- Selitë Location within Albania
- Coordinates: 41°47′N 20°5′E﻿ / ﻿41.783°N 20.083°E
- Country: Albania
- County: Lezhë
- Municipality: Mirditë

Population (2023)
- • Administrative unit: 358
- Time zone: UTC+1 (CET)
- • Summer (DST): UTC+2 (CEST)

= Selitë, Mirditë =

Selitë is a former municipality in the Lezhë County, northwestern Albania. At the 2015 local government reform it became a subdivision of the municipality Mirditë. The population at the 2023 census was 358.

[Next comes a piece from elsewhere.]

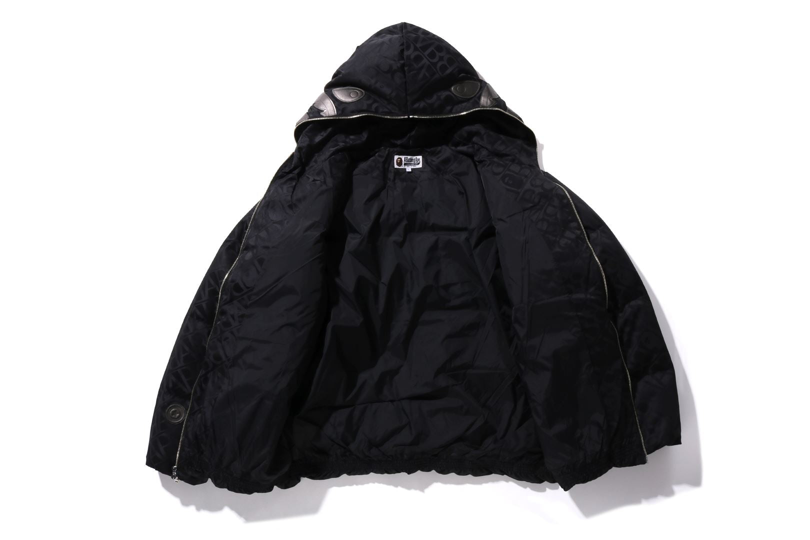 A puffer down jacket made of nylon material with an all-over monogram pattern. The padding uses KAWADA DOWN from Kawada Feather (90% down, 10% feather, 700FP) for high cold protection. The design features a shark felt patch on the front of the hood, a WGM Sagara patch on the right back of the hood, a TIGER motif rubber printed on the left, and a star circle motif directly embroidered on the right sleeve. The front zipper has a shark hoodie style design that opens and closes to the top of the hood. A rectangle name tag is affixed to the center hem of the body. Designed with slash pockets on both hips and spindles on both hems. A silhouette with a relaxed fit. Available in 4 colors and 5 sizes.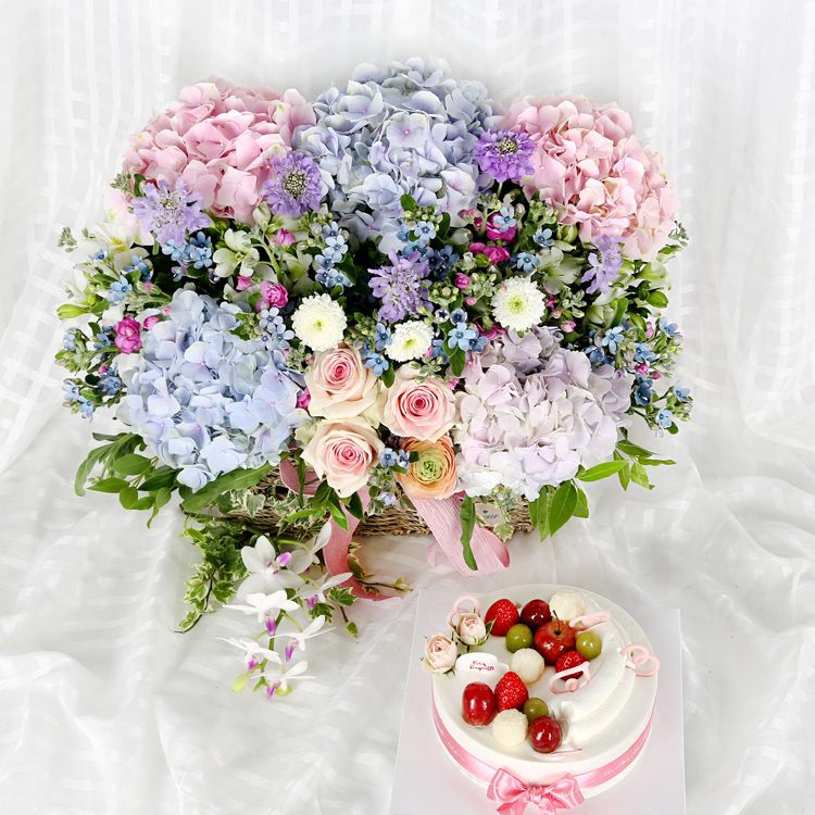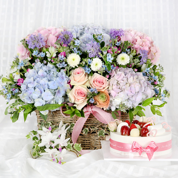 수국바구니+케익

The settlement holding town status is Kurbnesh. The municipal unit was once part of the Oher district, but this district was divided between Mati and Mirdita.

== Demographic history ==
Selitë is recorded in the Ottoman defter of 1467 as a hass-ı mir-liva property in the vilayet of Uraka. The village had a total of 16 households which were represented by the following household heads: Progon Bardhi, Petër Dajçi, Lazar Stepani, Peter Skura, Kal Gjirgj Gjika, Lika Gurbanëshi, Manko Gurbanëshi, Gjon Mirdidi, Lika Miljoti, Pal Luka, Gjon Dajçi, Peter Luka, Gjon Karusi, Lazar Gjika, Andrija Luzi, and Mati.